Quite frankly, having an OEM wiring diagram might do more harm than good. Why? 'Cuz you'll be spending unnecessary effort comparing what you do have to what it was supposed to be.
I have been there, a few times.
I spent a week of almost full time wiring diagrams and analysis of what was there based on our OEM manual wiring diagram and the one my PO gave me. I found little changed from the OEM, but LOTS of errors in HIS, both of what it showed vs. what was really there and what he claimed was there and simply wasn't!
Completely wasted time.
The best bang for my buck was starting a brand new diagram of "This is what is there."
And then, only AFTER I did that could I compare it to what I wanted to do, which I developed NOT from what was there but from what was right and necessary. A real design.
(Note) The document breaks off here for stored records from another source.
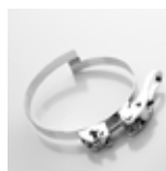
Clip-Grip quick action clamp
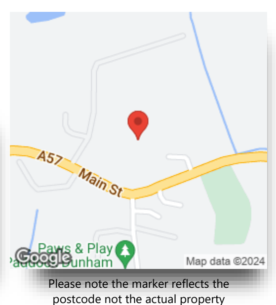
view this property online williamhbrown.co.uk/Property/RFD109180
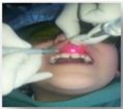
Fig-5: laser fiber in action
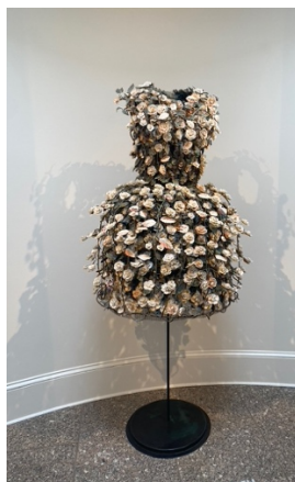
Dressy: Copper tubing and shell by Brian White
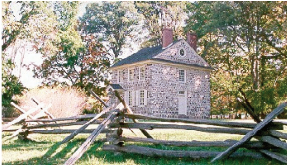
"Main Headquarters" at Valley Forge

Valley Forge is the site of the Continental Army's camp during the winter of 1777 during the American Revolution. Armies often sought out places to camp for winter since back then it was hard to fight under snowy conditions. General George Washington needed a secure location for his troops to stay that winter, and chose Valley Forge. His soldiers' time at Valley Forge is often considered the turning point of the Revolutionary War. While they stayed at the camp, they were trained by a former Prussian officer named Friedrich von Steuben, who helped them leave the camp in the summer with new fighting techniques that helped them win the war and American's independence.
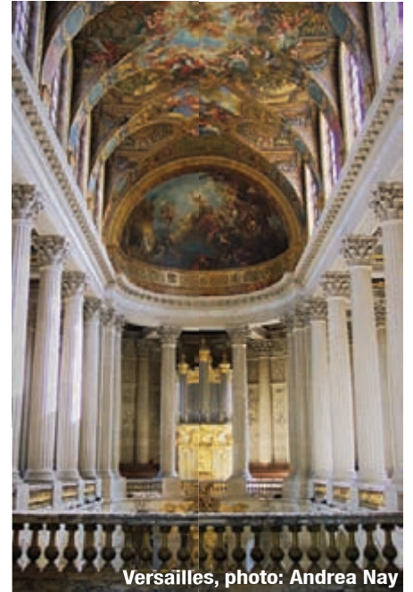
Versailles
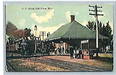
Inter Urban Depot on Broadway

Folks came out from Detroit by the Inter Urban rail line on Memorial Day, opened their cabins or rented a house or a room for a week or two. Dad took the train back to Detroit and work and came out on the weekends. By Labor Day, the cabin was closed, and the whole family moved back to Detroit. The resort heydays were from the 1880s to the late 1920s.
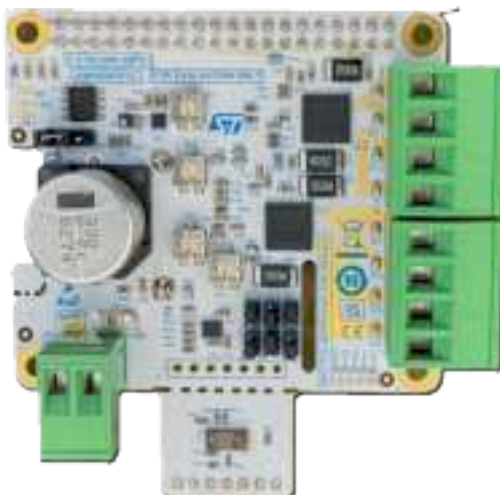
Figure 3. X-STM32-RBT01 board

The key STMicroelectronics components available on this board are described below:
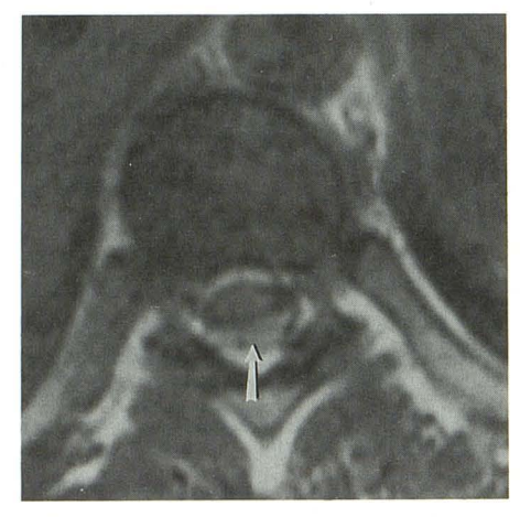
Fig. 3.—Case 3: 13-year-old girl after resection of fourth ventricular choroid plexus papilloma. Axial contrast-enhanced T1-weighted SE image (20/500) at level of thoracic kyphosis 3 days after surgery shows dependent CSF hyperintensity (arrow)

C and D, Sagittal (C) and axial (D) contrastenhanced T1-weighted SE images (20/500) 13 days after surgery reveal resolution of the CSF hyperintensity, similar to Figs. 1C and 1D.

Then I figured out whether whatever I wanted to have finally was worth either changing and modifying what was there or whether I had to rip sections out and start over.
Make a design of what you want.
Document what you have.
Make comparisons and decide the physical things you need to do.
Forget some pie-in-the-sky OEM "what could have beens."
I say this from a 40 year engineering career where a lot of my work was investigating old buildings, analyzing them for reuse of various kinds, and figuring out what it would take to make it what my clients wanted. The very last thing I ever asked for were the oringinal plans. Why? Besides the fact that few had them, it was almost guaranteed they hadn't been kept up to date anway.
Why bother?
Same things for our boats.
Indeed, one of the most valuable diagrams I drew was the wiring behind my nav station instrument panel, which never appeared in any OEM diagrams anyway.
And even if your goal is to eventually replicate what was supposed to be there, please know that electrical systems of that vintage have been superseded by newer and better bare bones designs.
Good luck.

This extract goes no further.